OpEneR demonstration vehicles

OpEneR demonstration vehicles

OpEneR, which stands for Optimal Energy Consumption And Recovery Based On A System Network, was a three-year European research project launched on May 1, 2011 and led by Bosch.

Several companies were involved in the €7.74 million (US$10.5 million) project, from which €4.4 million came from EU funding.  These companies tried to optimize energy consumption of two demonstration electric cars. Besides Bosch, project particpants included: the Austrian powertrain development company AVL List GmbH, the Spanish research institute Centro Tecnológico de Automoción de Galicia (CTAG), the German research institute Forschungszentrum Informatik Karlsruhe (FZI) and the second largest carmaker in Europe PSA Peugeot Citroën.

According to the Bosch press release, driving strategies and driver assistance systems can significantly improve the efficiency of electric and hybrid vehicles.

"Engineers and researchers have worked to improve the electrical powertrain, the regenerative braking system, the navigation system, and the surround sensors, as well as on functions that connect these elements with each other. The two fully operational electric vehicles they have built have already demonstrated an impressive potential for making driving in real conditions more economical."

So what are the results? Well, for example, under OpEneR different driving strategies were checked - time-optimized or range-maximized.

“eco routing”, which is optimizing the route by the navigation system taking into consideration energy usage, proved that cars can reach the destination using up to 30% less energy in return for a longer travel time of just 14 percent. Also, shortcuts in inner-city traffic helped increase efficiency.

Using operation strategies, numerous test drives were able to reduce energy consumption by 27 to 36 percent (in comparison to a typical sporty driver) depending on the driver's willingness to follow the recommendations. However, the journeys were longer by 8 to 21 percent.

On the technical side, roughly 5% more range could be gained thanks to intelligent torque distribution between the front and rear electric motors (there were two motors in demo cars, one per axle), without sacrificing time.

"Various solutions increase driving efficiency

It has long been widely accepted that a proactive driving style is the most effective way to reduce fuel consumption. The behavior of the ACC adaptive cruise control has therefore been especially adapted to an economical driving style. Additionally, enhanced map data also includes information on inclines, declines, and speed limits, while car-to-infrastructure communication provides information about traffic lights. These data create an electronic horizon that can be used to further optimize both the ACC function and the coasting function. This feature tells drivers when to lift the accelerator pedal as they approach city boundaries or speed limits. The transmission then switches to idle, making the most of the car's momentum.

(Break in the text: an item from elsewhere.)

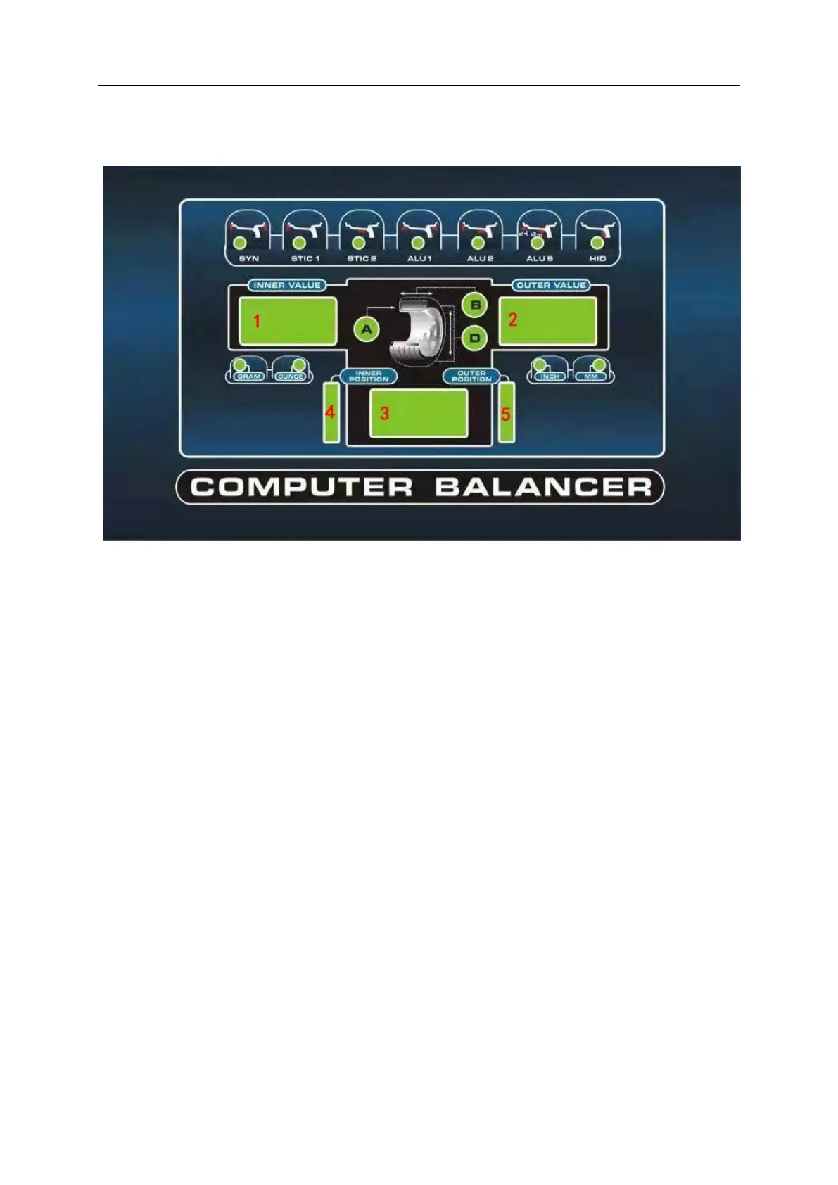 -Window 4. displays inner side unbalance position indication (inner side with key
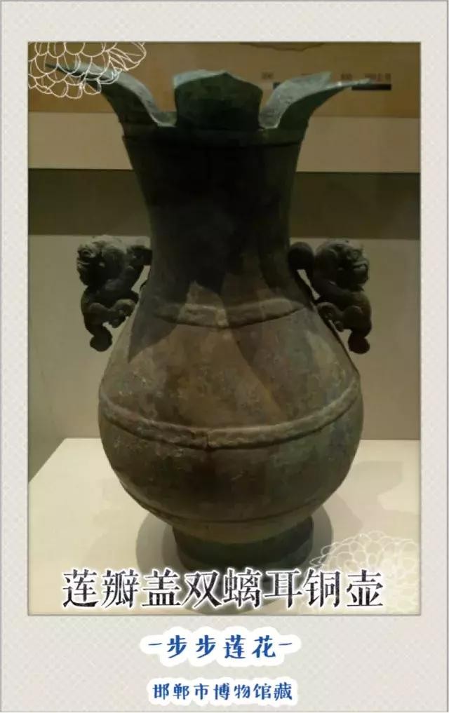 我们都知道,莲花是美丽高洁的象征,自古以来就颇受人们喜爱。它不仅经常出现在诗词中,还经常出现在器物的装饰中。现藏于邯郸市博物馆的莲瓣盖双螭(chī)耳铜壶就是以莲花为型而造的青铜器艺术品。

An intuitive HMI concept and an attractive cockpit based on a freely programmable TFT display also have been designed to make all the relevant information easy to read. In addition, the enhanced map data makes the calculation of the remaining mileage significantly more accurate and transparent to the driver.

A further major task was to find the ideal interaction between the electrical powertrain and the regenerative braking system. For the best possible recuperation, engineers equipped the two Peugeot 3008 e-4WD demo cars with the Bosch iBooster, an electromechanical brake booster, and an ESP® brake control system specifically adapted for electric vehicles. The powertrain concept comprises two electric motors – one per axle – that can both drive as well as recuperate. On that technical basis, the partners have developed innovative recuperation strategies, including a regenerative brake force distribution between front and rear, optimizing recuperation rates as well as vehicle stability.

To support the development process, the team used advanced co-simulation techniques, including realistic vehicle and environment interaction. A seamless approach was employed to enable fast migration of the developed functions and their simulated test cases for further development and validation on the AVL InMotion™ powertrain testbed.

As these features were incorporated into the two prototypes, numerous test drives were performed. To evaluate the efficiency gain, the simulation tools and testbeds developed by AVL, Bosch, and FZI were used, as well as the private test tracks belonging to Bosch and CTAG, and CTAG's intelligent public road corridor. In comparison to a typical sporty driver, the operation strategies finally resulted in a reduced energy consumption of 27 to 36 percent, with an increase in travel time of between 8 to 21 percent – depending on the driver's willingness to follow the recommendations. Approximately 5 percentage points of the energy consumption reduction are due to intelligent torque distribution between the front and rear electric motors, which has no influence on travel time at all.